Neeson plays pioneering sex scientist Alfred Kinsey in his best performance since Michael Collins and Schindler's List. Surprisingly overlooked by the Academy for Kinsey, Neeson will next be seen in two major blockbusters this year. Of the two roles he says, "In Kingdom Of Heaven, I play a crusty old warrior who is Orlando Bloom's father. And in Batman Returns, I play a mentor to Bruce Wayne - I teach him a few skills."
Do you think Kinsey crossed the line between the objectivity of being a scientist and the subjectivity of somebody who was perhaps trying to justify his own lifestyle?
I don't think he was justifying his own lifestyle. He was obviously bisexual. From my research he only really discovered that in his late 20s. I believe he grew up with enormous fear, guilt and confusion, to the point of when he found his mission in life he was determined that young people especially wouldn't have to go through what he did. I think that was his springboard.
From your research was there anything missing in the film that maybe should have been in it?
I thought Bill [Condon, director] covered every base, but there was one scene I was surprised that has gone. After he talks to the paedophile, there's a scene with Laura [Linney] and I in bed. Where he's deciding to use this information this man has given him. Laura's saying he shouldn't, and he should throw it away. And because Kinsey is a collector, and this freak had these obscene measurements - Kinsey would have salivated at that stuff; it was science to him.
Kinsey's father frowned upon his son's scientific pursuits, and never took them seriously. Did your father think that about your acting when you were young?
Very much so. It was something you did in your time off - amateur dramatics.

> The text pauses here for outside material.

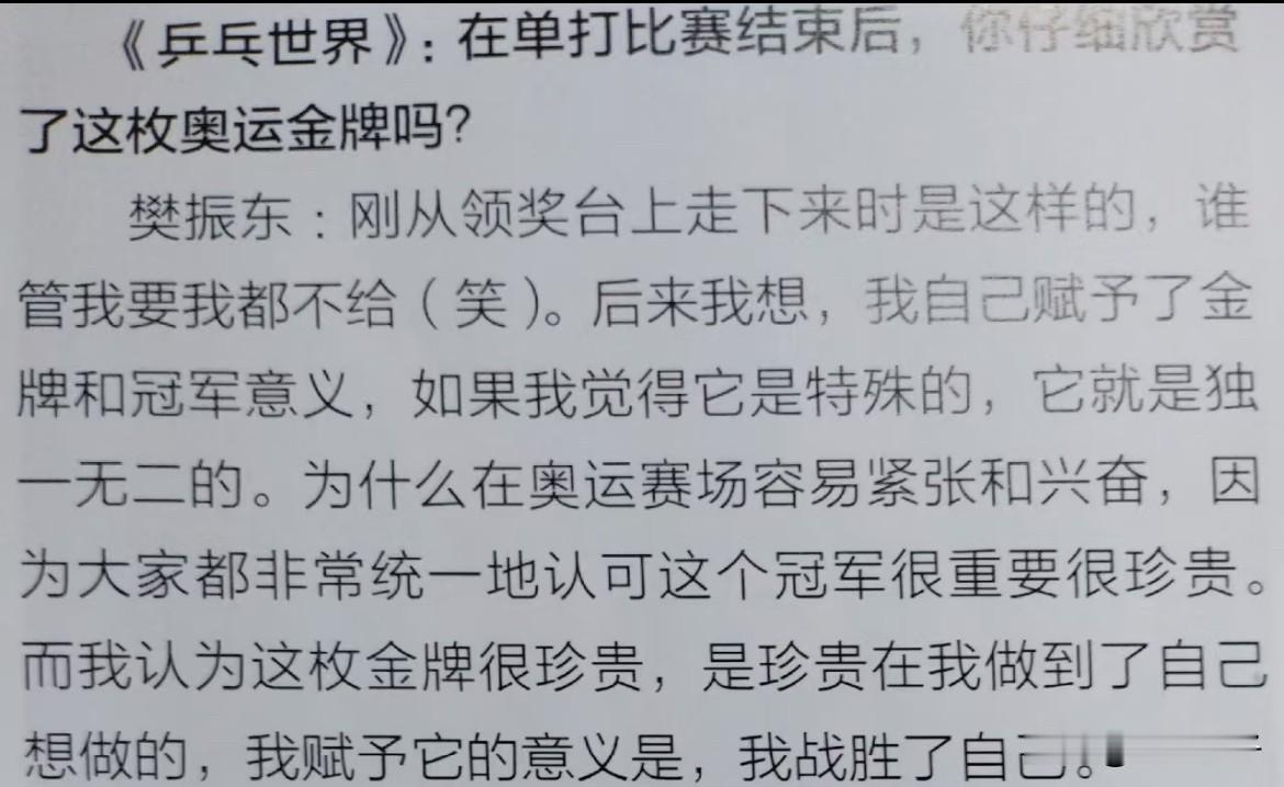 我是樊振东的访谈粉。 记得乒乓世界2024年10月刊 的采访,樊振东说了这段话,让我非常震撼。他说;“我赋予这块金牌的意义是,我战胜了自己。” 这让我们看到,他用内驱力或外驱力不断地平衡“过程”和“结果”关系的同时,其实他也在寻找自己自洽的途径。 樊振东是属于真诚又聪明的人,真诚体现在他所有采访都没说过违背本心的假话,不会故意粉饰太平,但是不该说的话或者是当下还不能说的话,他一个字也没说,这是他的聪明之处。 在所有的访谈节目里,樊振东逻辑严谨,遣词造句精准流畅,思维缜密,而且他总是言之有物,绝不空谈,绝对是顶流的最有内涵、最有思想的运动员。 我敬佩小胖,他的经历让我也心疼他。他是一个智商情商双商都高的男孩。他在访谈中善长用最简单凝练的语言来概括表达自己的内心想法和心声,让所有真正用心的人都能与他共情他的内心,他的思想意境。

It certainly wasn't something you'd entertain the thought you might be paid for.
Did you, like Kinsey, have a day of reckoning with you father?
I did. I had an extraordinary day actually. I remember it was 1975, and I was accepted into Northern Ireland's only repertoire theatre - Belfast Lyric theatre. It was a time when bombs and explosions were going off all over the city. I sneaked a day off work in my hometown to come up to Belfast to do an audition without telling my parents - I was living at home at the time. And that afternoon I got accepted into the theatre, and I remember coming back on the train to my home, which was 30 miles away, stopping in at various pubs along the way, with this equity contract, and I arrived back at midnight. My parents were white as sheets. I was stupid in that day and age, to not telephone, so they literally didn't speak to me for a week, because of the shock. I could tell when I walked into the house how dumb I'd been. But I was overjoyed my life was going to change, I was going to get paid for acting.
And get paid pretty well...
Well, it's still a matter of is Gibson going to do it? Is Clooney going to do it? Tick them off, and then you get to me.
Kinsey is released in UK cinemas on Friday 4th March 2005.